Thiess helps deliver Hear to Learn

日期
八月 22, 2019
类别
  • Health, safety and environment
  • People and community
热门

Thiess’ Central Queensland operations are helping children reach their full potential as part of the 2019 Hear to Learn – School Hearing Program.

 

Delivered in partnership with the Hear and Say Foundation, this year’s program tested 868 students from 23 schools in the Bowen Basin.

Hear to Learn

Thiess is the founding regional partner for the Hear to Learn - School Hearing Screening program which seeks to identify a child’s basic hearing sensitivity and middle ear status to detect those who may have difficulty in the classroom.

The program, now in its second year, continues to grow and has more than doubled in reach in 2019.

Across the 23 schools visited, 60 students were found to be experiencing a hearing or ear health issue that required follow-up from a General Practitioner. A further 84 children were identified to require further monitoring by a parent.

A child’s hearing can change over time having a significant impact on the child’s speech, language, education development and behaviour. Regular hearing assessments can result in the early diagnosis and treatment of hearing loss and improve the social and academic outcomes for children.

Hear and Say and Thiess first brought Hear to Learn to the Bowen Basin in 2017.

Thiess supports the early screening, diagnosis and treatment of hearing issues in young school children, to improve academic performance and social interaction.

Supporting education programs in our local communities is a core focus of the Thiess CARE program.

Getting involved

Thiess project team members from Dawson South, Curragh North, Jellinbah Plains, Lake Vermont, Peak Downs, Caval Ridge, and QCoal helped deliver the 2019 Hear to Learn – School Hearing Screening Program.

Their responsibilities included walking students to their screening tests, engaging in learning activities with teachers and students and hosting the visiting screeners in each school.

John Stirling, Finance Manager at Jellinbah Plains, supported three school visits in the Blackwater area.

“Taking the time to work with the students, schools and screeners from Hear and Say you learn so much about the importance of good hearing for kids and their education.

The program makes a significant difference by going to these regional communities. It helps make sure families get the help their kids need to have a bright future and aren’t left behind just because of where they live.”
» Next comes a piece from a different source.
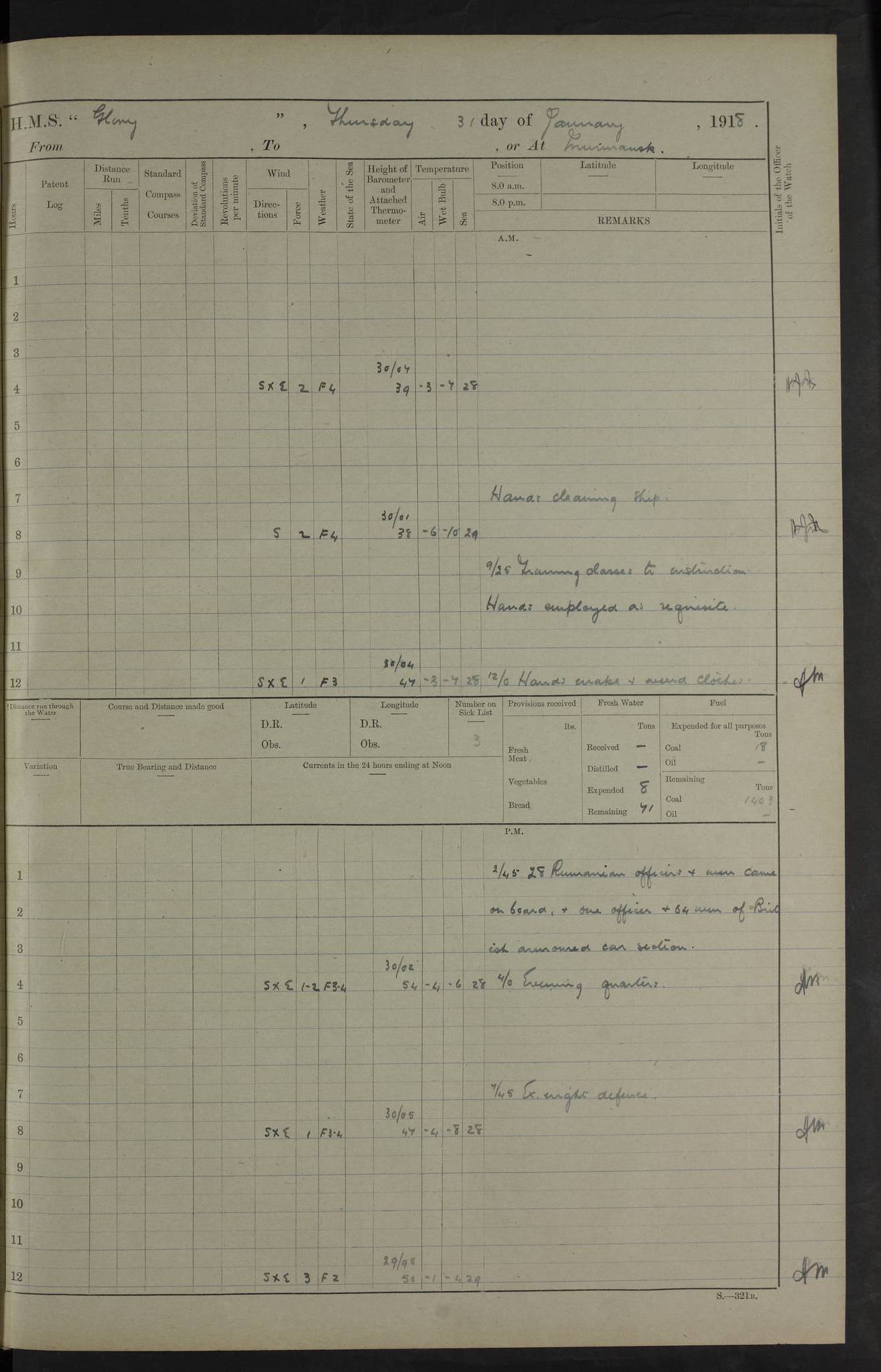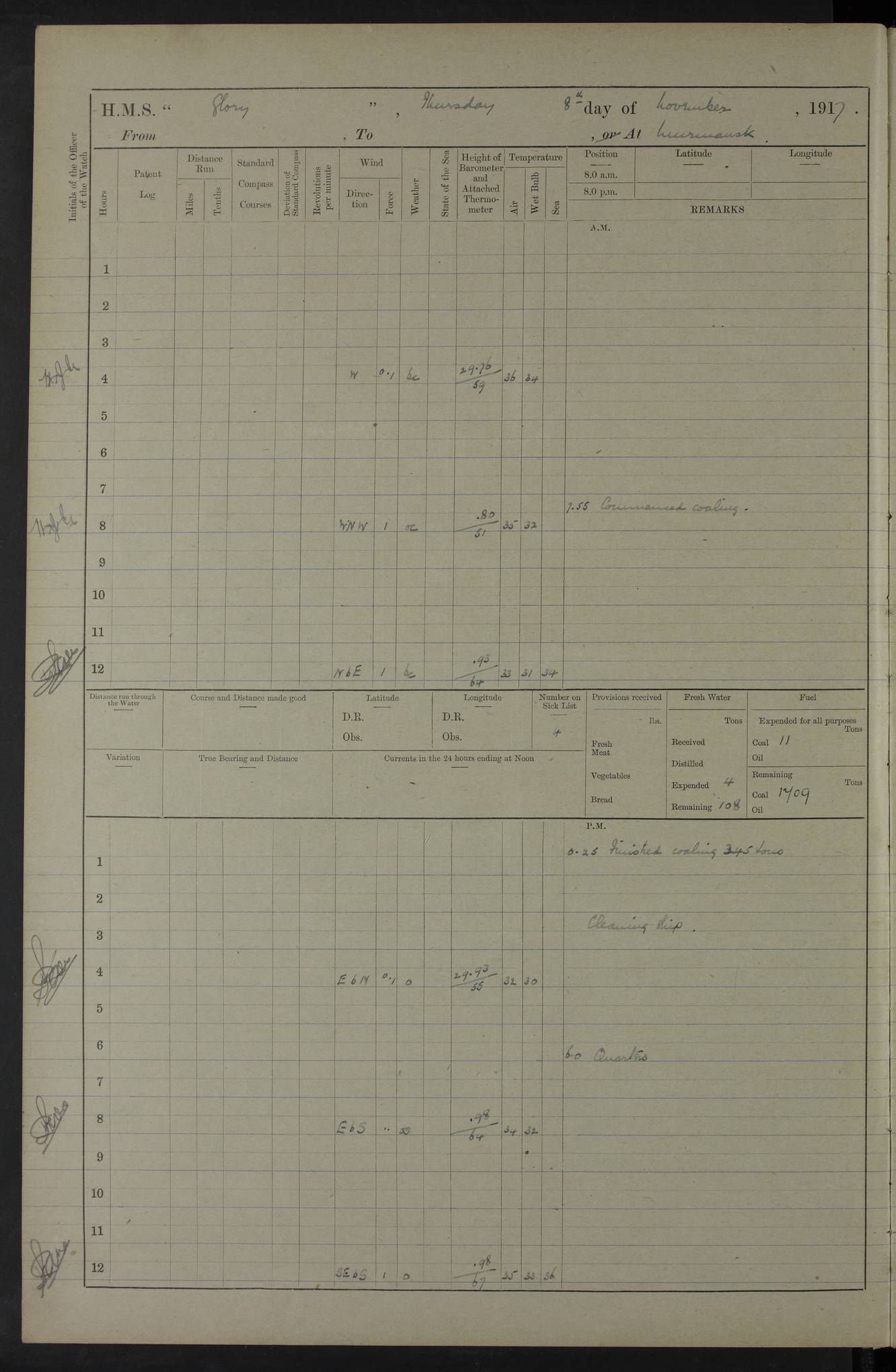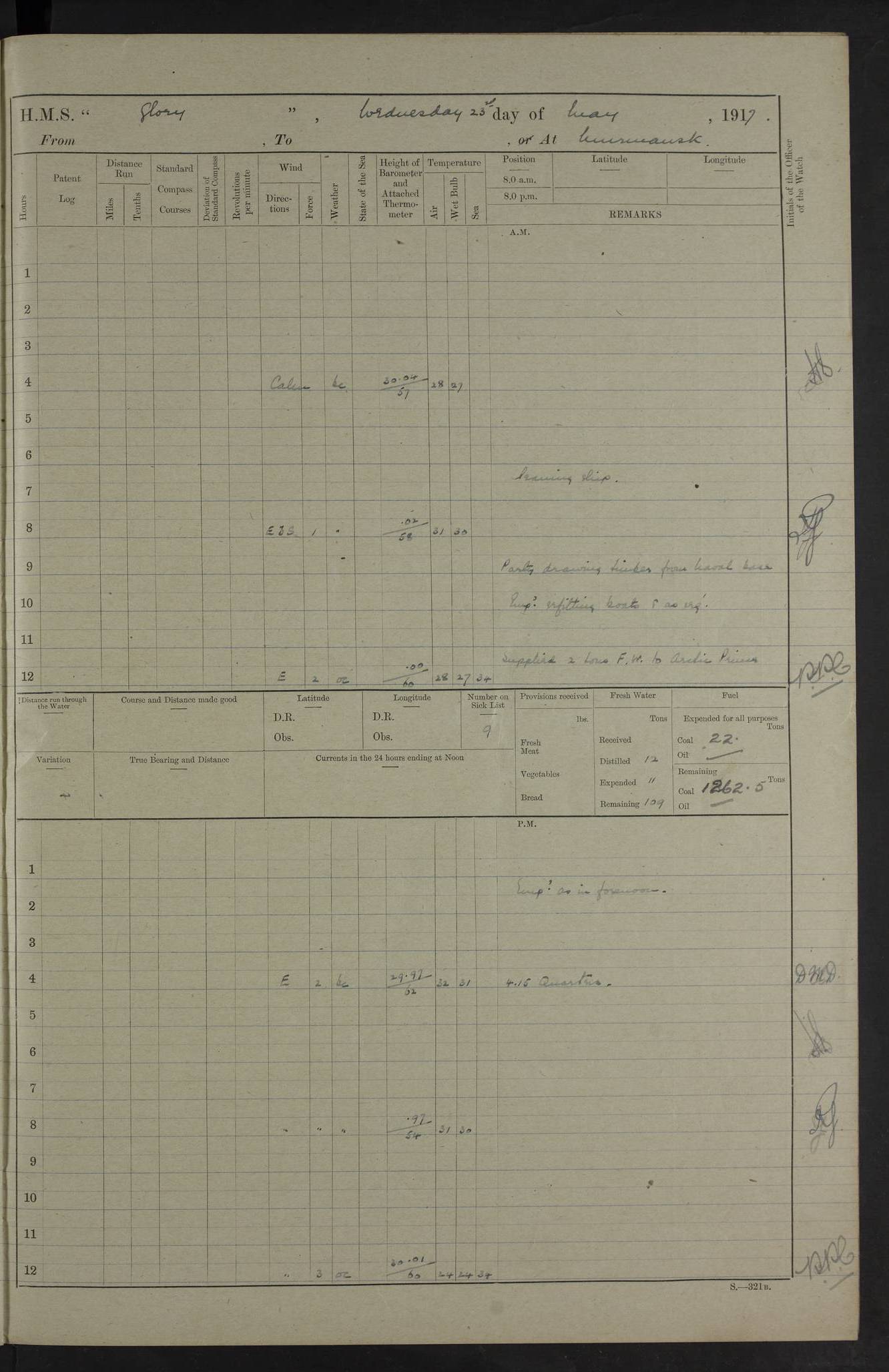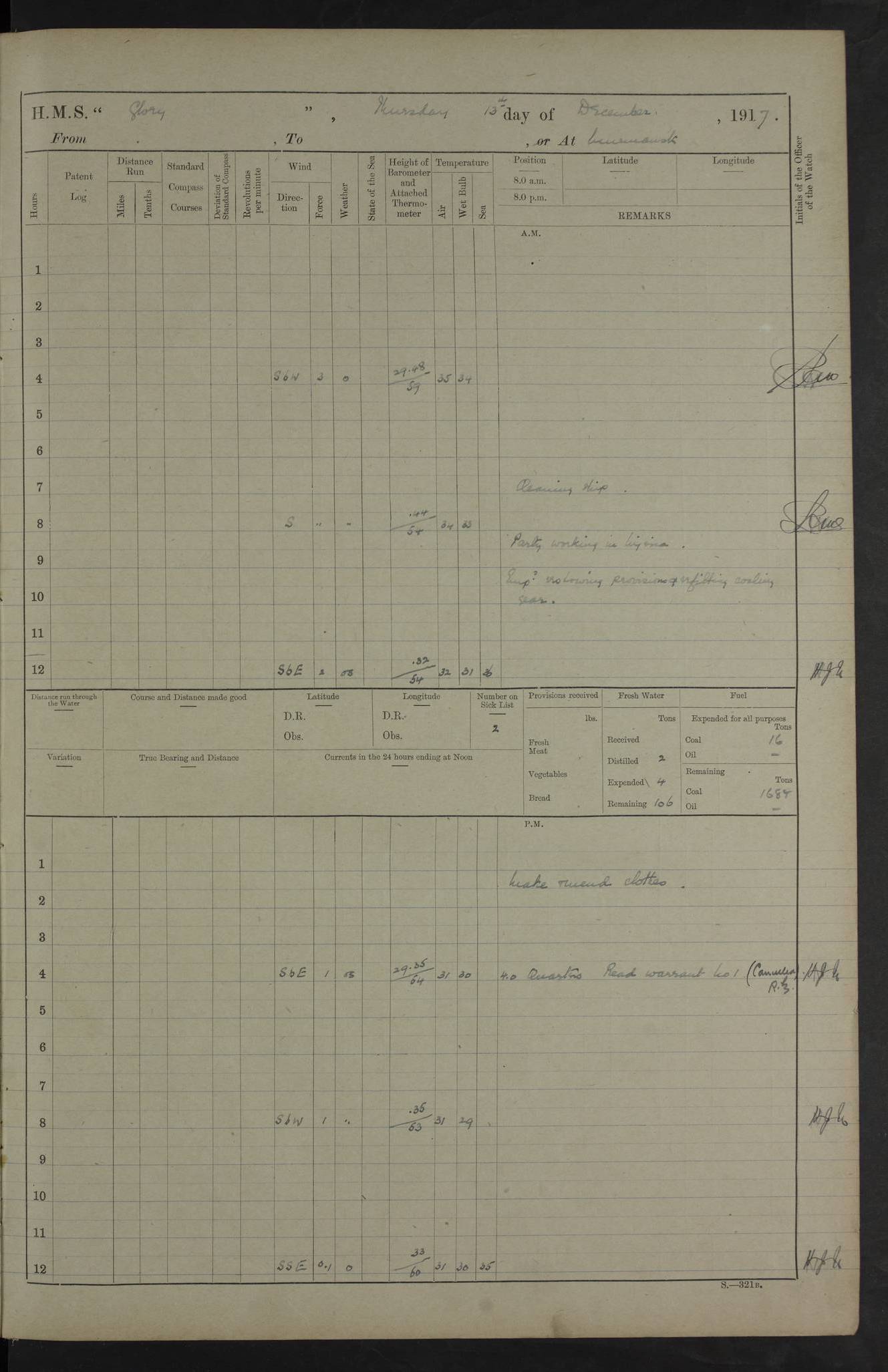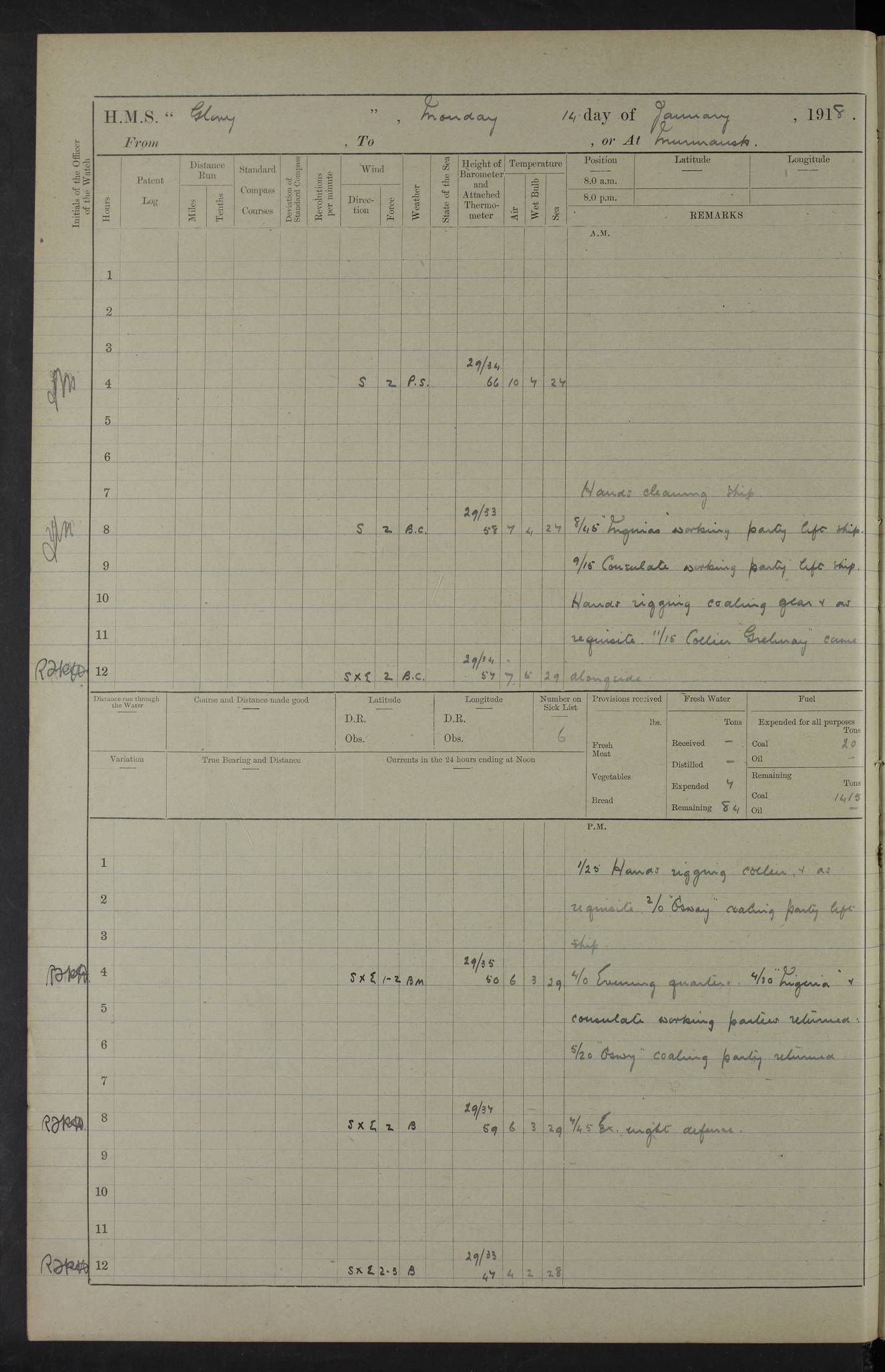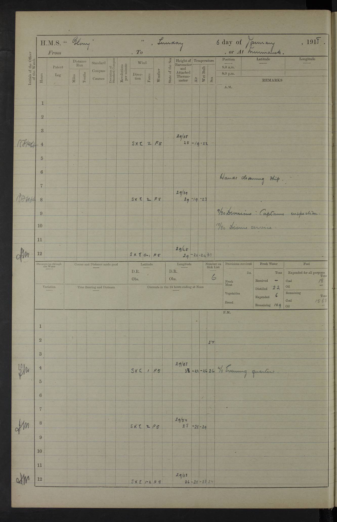 LOGS FOR OCTOBER 1916 For the period covered by the remainder of these logs (1 October, 1916 to 31 December 1918), HMS Glory was based at Murmansk, northern Russia. The city had a variety of names in the early 20th Century – including, Port Murman, Romanov and Murmansk. The location will be given in these pages as Murmansk, the modern name. A history of Murmansk’s names is available at http://en.wikipedia.org/wiki/Murmansk . 4f961482a2fc8e2def0011c7: (http://s3.amazonaws.com/oldweather/ADM53-43026/ADM 53-43026-001_0.jpg) This log is to be kept in a cover in future 4f961482a2fc8e2def0011c8: (http://s3.amazonaws.com/oldweather/ADM53-43026/ADM 53-43026-001_1.jpg) 4f961482a2fc8e2def0011c9: (http://s3.amazonaws.com/oldweather/ADM53-43026/ADM 53-43026-002_0.jpg) 4f961483a2fc8e2def0011ca: (http://s3.amazonaws.com/oldweather/ADM53-43026/ADM 53-43026-002_1.jpg) 4f961483a2fc8e2def0011cb: (http://s3.amazonaws.com/oldweather/ADM53-43026/ADM 53-43026-003_0.jpg) 4f961483a2fc8e2def0011cc: (http://s3.amazonaws.com/oldweather/ADM53-43026/ADM 53-43026-003_1.jpg) 1 October 1916 Murmansk Lat 69.03, Long 33.05 5.40am: Russian auxiliary Kolgiev sailed. Information regarding this vessel (or similar name) has not been found. 7.30am: Celebrated Holy Communion. am: Party working in Earl Essex. Earl Essex was a hired trawler of 225 grt, built, in 1914. Sourced from F.J. Dittmar & J.J. Colledge (1972) – British warships 1914–1919, Ian Allan. 10.45am: Held Divine Service. 11.30am: Celebrated Holy Communion. 4.45pm: Out nets. 4f961484a2fc8e2def0011cd: (http://s3.amazonaws.com/oldweather/ADM53-43026/ADM 53-43026-004_0.jpg) 2 October 1916 Murmansk Lat 69.03, Long 33.05 am: Party working in Earl Essex. 11.30am: Paid quarterly settlement. 6.15pm: Kolgiev arrived. 4f961484a2fc8e2def0011ce: (http://s3.amazonaws.com/oldweather/ADM53-43026/ADM 53-43026-004_1.jpg) 3 October 1916 Murmansk Lat 69.03, Long 33.05 Number on sick list: 9 9.20am: Aft port nets. 11.30am: Russian TBs Goorovoi and Plasteevyi(?) arrived. The first of these TBs is possibly ‘Grosovoi’, built at Le Havre around 1900. Her fate is unclear. The name of the second vessel is possibly incorrect, but no near match has been found. 1.30pm: Out port nets. 4f961484a2fc8e2def0011cf: (http://s3.amazonaws.com/oldweather/ADM53-43026/ADM 53-43026-005_0.jpg) 4 October 1916 Murmansk Lat 69.03, Long 33.05 8.30am: Salvator - broad pendant of Commodore T.W. Kemp arrived. Salvator (ex–Katoomba) was a hired yacht of 684 tons gross, built in 1903. She served as the Heliopolis in WW2. Details at WW1NavyBritishShips-Dittmar4AP.htm . 9.25am: Aft port nets. 11.05am: HE the Minister of Marine visited ship. 11.30am: Out port nets. 11.50am: Russian auxiliary Gotowsci(?) arrived. 12 noon: Kolgiev sailed. pm: HM Tug Blackcock arrived. Blackcock was a hired patrol tug, built in 1886 and wrecked on 18 January, 1918, in the White Sea. Sourced from F.J. Dittmar & J.J. Colledge (1972) – British warships 1914–1919, Ian Allan. 6.50pm: Kolgiev arrived. 4f961485a2fc8e2def0011d0: (http://s3.amazonaws.com/oldweather/ADM53-43026/ADM 53-43026-005_1.jpg) 5 October 1916 Murmansk Lat 69.03, Long 33.05 10.35am: Kolgiev sailed. 1.05pm: Salvator sailed. pm: Read Warrant No. 5. 4f961485a2fc8e2def0011d1: (http://s3.amazonaws.com/oldweather/ADM53-43026/ADM 53-43026-006_0.jpg) 6 October 1916 Murmansk Lat 69.03, Long 33.05 pm: 5 tons of water supplied to Blackcock. 3.30pm: Action. 3.45pm: Secure. Russian T.B's Grosovoi and Plasteevyi sailed. 4f961485a2fc8e2def0011d2: (http://s3.amazonaws.com/oldweather/ADM53-43026/ADM 53-43026-006_1.jpg) 7 October 1916 Murmansk Lat 69.03, Long 33.05 am: Party coaling trawler. am: Tested life buoys – correct. 4f961486a2fc8e2def0011d3: (http://s3.amazonaws.com/oldweather/ADM53-43026/ADM 53-43026-007_0.jpg) 8 October 1916 Murmansk Lat 69.03, Long 33.05 6.45am: Party working in collier. 7.30am: Celebrated Holy Communion. 10.45am: Held Divine service. 5.45pm: Held Divine Service. 4f961486a2fc8e2def0011d4: (http://s3.amazonaws.com/oldweather/ADM53-43026/ADM 53-43026-007_1.jpg) 9 October 1916 Murmansk Lat 69.03, Long 33.05 Number on sick list: 9 am: Exercised fire stations. am: 2nd pinnace patrolling. pm: Landed marines for drill. 4f961486a2fc8e2def0011d5: (http://s3.amazonaws.com/oldweather/ADM53-43026/ADM 53-43026-008_0.jpg) 10 October 1916 Murmansk Lat 69.03, Long 33.05 am: Steam pinnace patrolling. 1.55pm: Kolgiev arrived. 4f961487a2fc8e2def0011d6: (http://s3.amazonaws.com/oldweather/ADM53-43026/ADM 53-43026-008_1.jpg) 11 October 1916 Murmansk Lat 69.03, Long 33.05 am: Party working on boom defence. am: MT and QD men aired bedding. am: Marines at drill. 1.50pm: Kolgiev sailed. 3.15pm: British tug Racia (lighter ES 23 in tow) arrived. Racia was a hired screw tug of 410 grt, built in 1894 and sold on 23 June, 1920. Sourced from F.J. Dittmar & J.J. Colledge (1972) – British warships 1914–1919, Ian Allan. 4f961487a2fc8e2def0011d7: (http://s3.amazonaws.com/oldweather/ADM53-43026/ADM 53-43026-009_0.jpg) 12 October 1916 Murmansk Lat 69.03, Long 33.05 Number on sick list: 6 am: Party working on boom defence. am: Steam pinnace patrolling. pm: Make and mend clothes. 4.15pm: Read warrant No. 6. 6.00pm: Imperator Nicolas arrived. A vessel with this name has not been traced. 4f961487a2fc8e2def0011d8: (http://s3.amazonaws.com/oldweathe/ADM53-43026/ADM 53-43026-009_1.jpg) 13 October 1916 Murmansk Lat 69.03, Long 33.05 am: Steam pinnace patrolling. am: Party working on boom defence. am: Found foc’sle awning and side screens damaged by rats. 4f961488a2fc8e2def0011d9: (http://s3.amazonaws.com/oldweather/ADM53-43026/ADM 53-43026-010_0.jpg) 14 August 1916 (probably should read October) Murmansk Lat 69.03, Long 33.05 Number on sick list: 7 6.45am: Racia (floating crane in tow) sailed. am: Party working on boom defence. am: Tested life buoys – correct. 3.00pm: Vindictive arrived. HMS Vindictive was a protected cruiser of the Arrogant class, launched in 1897 at Chatham Dockyar

Participating primary schools included Bowen, Queens Beach, Collinsville, Scottville, St John Bosco, Blackwater, Blackwater North, Comet, Bluff, Dingo, Duaringa, Theodore, Banana, Moura, Moranbah, Moranbah East, Coppabella, Nebo, Valkyrie, Middlemount and Dysart State School. Testing was also conducted at Blackwater C&K Kindergarten and Moura State High School.

Thank you from our partners at Hear and Say

Thiess has been a partner of the Hear and Say Foundation for 25 years.

Through the funding Thiess has provided, the early screening, diagnosis and treatment of hearing issues has improved the academic performance and growth in social interaction for many young Queenslanders living in the regions where Thiess projects operate.

CEO of Hear and Say, Chris McCarthy said the team were thrilled to have the continued support of its longstanding partner, Thiess to reach even more students in the Bowen Basin area for another year.

“We are incredibly proud of our 25-year partnership with Thiess and working together on this initiative means that children with hearing issues living outside of the major cities can be identified and steps put in place to address any concerns,” said Mr McCarthy.

Mr McCarthy noted that the school-based screening program was particularly vital as hearing loss can occur at any time, and children who were not hearing as well as they could in the classroom could experience an enormous impact on their ability to learn.

“We often get teachers or parents saying their children are naughty or won’t listen when the truth is they can’t hear. If we can pick up the hearing loss, we can work with families and use early intervention to make a difference, no matter where they live,” said Mr McCarthy.